エルサーナ叙事詩1 〜母、セル
ひとつの帝国が、大部分を領有する世界。
ただ、帝国とは異なる様式の生活を営む草原だけが、その領有外にあった。
そして、人と宇宙を超えた存在がしろしめす
アナイオン。
アナイオンと、人間・宇宙をつなぐナルセラーサ。
それは、本来、人間とは関わりを持たない世界のはずだった。
が、ナルセラーサを理解し、やがて、その認識がアナイオンに至る人間が誕生した。
草原のエルサーナ。
帝国のラサリオン。
思索者ユーム。
神々の物語が始まる。
そして、英雄たちの物語がそれに続くであろう。
草原の一部族であるアルーサの若き汗、エルラスの愛妾セルは、長らく病床に臥していた。
医師より
「余命幾ばくもない」
と告げられたエルラスは、セルとの間に生まれた四歳の男児エルサーナと、二歳の女児セレナを連れて、セルが療養するゲルを訪れた。

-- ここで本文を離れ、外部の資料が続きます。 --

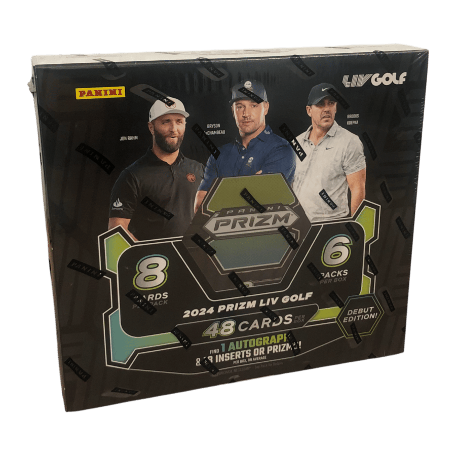 Prizm LIV Golf is teeing off with a stellar collection of the sport’s finest athletes! Find one autographs and 18 inserts or Prizm Parallels per box on average! Look for the first officially-licensed trading cards of some of golf’s top stars, including Jon Rahm, Brooks Koepka and Talor Gooch!

ゲルの入口にエルラスの姿を認めたセルの顔が一瞬輝いた。
しかし、セルの口をついて出たことばは
「あなた、どうかそれ以上は近づかないで下さい」
というものであった。
セルは伝染性の胸の病であった。
一年以上の病臥生活にもかかわらずその美しさは少しも損なわれてはいなかった。むしろその顔色は健康を失った代わりに、より白く、より透明感を増していた。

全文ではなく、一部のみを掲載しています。